- **YOUR INSTRUCTIONS**
Pull out of the data below the stretch of lines bounded by the one containing "Bright and colourful" and the one containing "Browse free online", both bounds included, unchanged.

- **DATASET CONTENT**
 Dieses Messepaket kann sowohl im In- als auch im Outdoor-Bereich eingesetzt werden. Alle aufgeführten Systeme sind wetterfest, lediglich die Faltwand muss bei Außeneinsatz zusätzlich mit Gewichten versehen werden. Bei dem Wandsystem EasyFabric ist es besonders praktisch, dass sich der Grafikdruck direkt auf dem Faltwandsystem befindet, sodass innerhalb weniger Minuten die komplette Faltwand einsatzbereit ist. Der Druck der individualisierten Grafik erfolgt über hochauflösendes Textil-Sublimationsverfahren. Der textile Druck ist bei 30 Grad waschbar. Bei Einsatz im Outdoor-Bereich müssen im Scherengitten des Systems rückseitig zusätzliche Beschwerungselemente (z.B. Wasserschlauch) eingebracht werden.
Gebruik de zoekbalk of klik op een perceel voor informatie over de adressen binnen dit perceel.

==

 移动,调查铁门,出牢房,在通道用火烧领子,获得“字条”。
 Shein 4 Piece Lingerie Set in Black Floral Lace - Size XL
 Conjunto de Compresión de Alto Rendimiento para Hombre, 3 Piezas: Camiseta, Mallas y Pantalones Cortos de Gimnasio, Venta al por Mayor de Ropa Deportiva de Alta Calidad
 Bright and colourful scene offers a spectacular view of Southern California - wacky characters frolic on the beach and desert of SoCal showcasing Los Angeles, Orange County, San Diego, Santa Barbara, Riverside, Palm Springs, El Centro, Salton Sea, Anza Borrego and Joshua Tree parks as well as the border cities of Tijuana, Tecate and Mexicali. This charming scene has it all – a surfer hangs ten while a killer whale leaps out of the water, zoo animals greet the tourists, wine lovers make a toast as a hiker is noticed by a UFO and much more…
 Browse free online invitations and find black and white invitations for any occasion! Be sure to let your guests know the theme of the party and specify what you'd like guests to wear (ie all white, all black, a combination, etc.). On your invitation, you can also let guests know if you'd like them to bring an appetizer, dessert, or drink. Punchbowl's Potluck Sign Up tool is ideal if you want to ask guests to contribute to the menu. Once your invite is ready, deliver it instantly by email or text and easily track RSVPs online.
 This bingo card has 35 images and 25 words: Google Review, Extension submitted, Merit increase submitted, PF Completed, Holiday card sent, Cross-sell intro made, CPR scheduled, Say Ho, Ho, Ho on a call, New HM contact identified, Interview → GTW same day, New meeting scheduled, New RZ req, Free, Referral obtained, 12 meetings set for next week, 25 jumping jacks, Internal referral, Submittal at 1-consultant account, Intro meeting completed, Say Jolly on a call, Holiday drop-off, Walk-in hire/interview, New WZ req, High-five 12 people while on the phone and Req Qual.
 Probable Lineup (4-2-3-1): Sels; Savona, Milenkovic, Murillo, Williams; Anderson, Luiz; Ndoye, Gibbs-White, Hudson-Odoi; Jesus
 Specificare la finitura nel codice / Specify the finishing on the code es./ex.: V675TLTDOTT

- **EXERCISE SOLUTION**
 Bright and colourful scene offers a spectacular view of Southern California - wacky characters frolic on the beach and desert of SoCal showcasing Los Angeles, Orange County, San Diego, Santa Barbara, Riverside, Palm Springs, El Centro, Salton Sea, Anza Borrego and Joshua Tree parks as well as the border cities of Tijuana, Tecate and Mexicali. This charming scene has it all – a surfer hangs ten while a killer whale leaps out of the water, zoo animals greet the tourists, wine lovers make a toast as a hiker is noticed by a UFO and much more…
 Browse free online invitations and find black and white invitations for any occasion! Be sure to let your guests know the theme of the party and specify what you'd like guests to wear (ie all white, all black, a combination, etc.). On your invitation, you can also let guests know if you'd like them to bring an appetizer, dessert, or drink. Punchbowl's Potluck Sign Up tool is ideal if you want to ask guests to contribute to the menu. Once your invite is ready, deliver it instantly by email or text and easily track RSVPs online.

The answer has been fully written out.